Retype, word for word, the line holding "내일(12/22) 동방스테이션 정규" and each line after it down to the end of the data; pictures are not copied.

### THE DATA

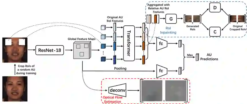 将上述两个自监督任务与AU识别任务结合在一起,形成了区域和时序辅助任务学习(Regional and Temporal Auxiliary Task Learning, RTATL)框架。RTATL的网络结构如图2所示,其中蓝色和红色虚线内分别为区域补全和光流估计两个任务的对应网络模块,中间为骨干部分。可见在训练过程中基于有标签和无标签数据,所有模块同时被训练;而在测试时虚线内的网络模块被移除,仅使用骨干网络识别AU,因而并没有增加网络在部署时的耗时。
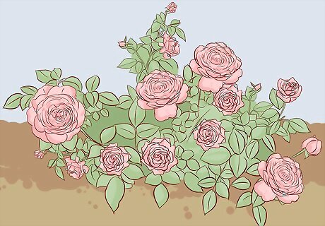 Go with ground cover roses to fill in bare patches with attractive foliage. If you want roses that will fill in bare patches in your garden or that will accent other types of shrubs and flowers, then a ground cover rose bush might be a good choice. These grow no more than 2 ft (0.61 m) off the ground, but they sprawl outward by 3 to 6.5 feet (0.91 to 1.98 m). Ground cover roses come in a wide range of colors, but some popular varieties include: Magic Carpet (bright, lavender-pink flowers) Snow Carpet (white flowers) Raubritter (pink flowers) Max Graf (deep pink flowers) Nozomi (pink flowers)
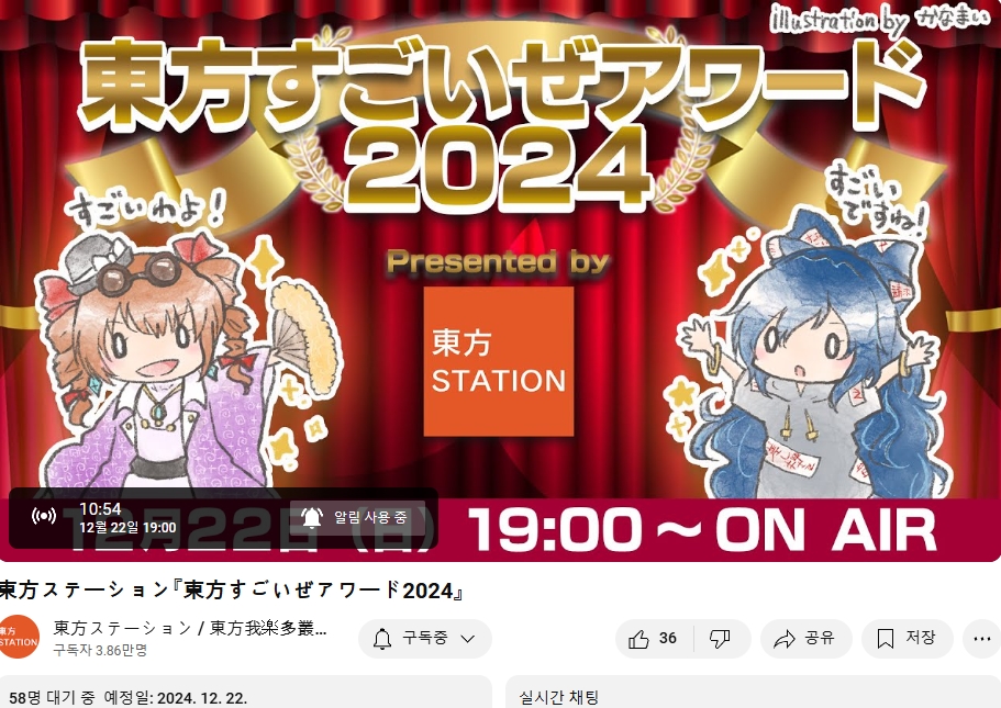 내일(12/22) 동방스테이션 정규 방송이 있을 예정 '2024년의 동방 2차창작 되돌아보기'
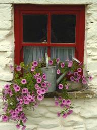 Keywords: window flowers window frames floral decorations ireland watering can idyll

######

• [EXERCISE SOLUTION]
 내일(12/22) 동방스테이션 정규 방송이 있을 예정 '2024년의 동방 2차창작 되돌아보기'
 Keywords: window flowers window frames floral decorations ireland watering can idyll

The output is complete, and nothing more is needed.